Step 1. We use the Curve Estimation of the regression analysis from the SPSS to make a curve estimate for the MT value of Table 1 above. There are 11 models available in the curve estimation menu. Among these, we select five models with the possibility of being suitable for MT data. They are Logarithmic, Inverse, Quadratic, Cubic and Power models. The results of the analysis are as follows (Figure 1).

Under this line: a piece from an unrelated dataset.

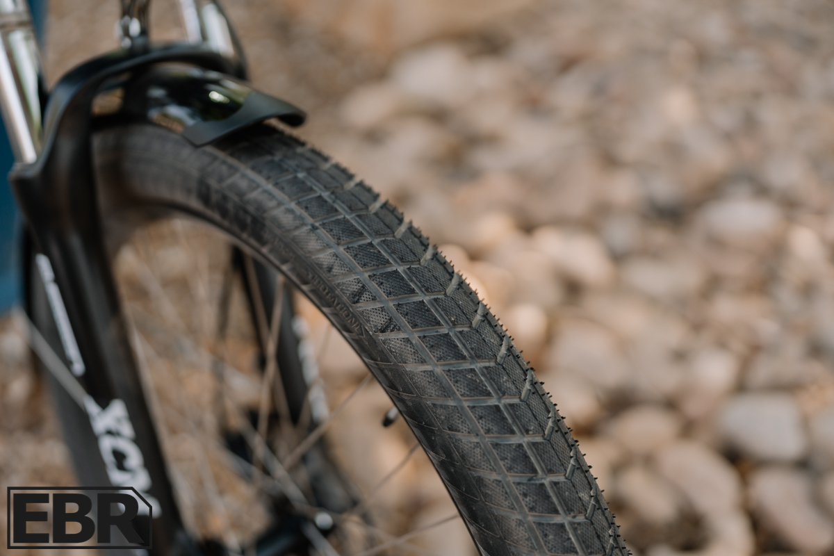 I’m genuinely impressed by the drivetrain setup. The Gates Carbon belt runs silently and eliminates the threat of greasy pant legs. The twist-grip Enviolo CVT keeps me in the right gear no matter what I’m doing. Is there a learning curve? Sure, but once you get it, it’s a really sweet setup without the hassle or headache of a rear derailleur and all the drama that can come with one. Want to shift on the go as you’re heading uphill? Do it, no concerns about shifting under load here. Want to shift back to a better starting gear while waiting at a stoplight? Go for it. You can shift at 0 mph just as easily as at 28 mph. The usage is really flexible, and there’s no clunky gear changing, it’s just buttery smooth and intuitive.

Figure 1. Curve estimation for 300 s MT.

As shown in Figure 1 above, we can choose the power model and the inverse model based on the value of the coefficient of determination. The estimated functions are given by the formulas

$$\mathrm{power}:h_{power}\left(\omega \right)=111118.372{\omega }^{-1.2193}$$

and

$$\mathrm{inverse}:h_{inverse}\left(\omega \right)=-2.3948+\frac{27472.2453}{\omega }.$$

Both estimated functions are suitable for reducing the difference in film thickness mentioned above. It is also possible to select and use what is applicable to each company. Then, we obtain Table 2 involving the estimated function value and $R^2$ (coefficient of determination) value with respect to the MT value.

Table 2. Estimated function value and $R^2$ value for the MT value.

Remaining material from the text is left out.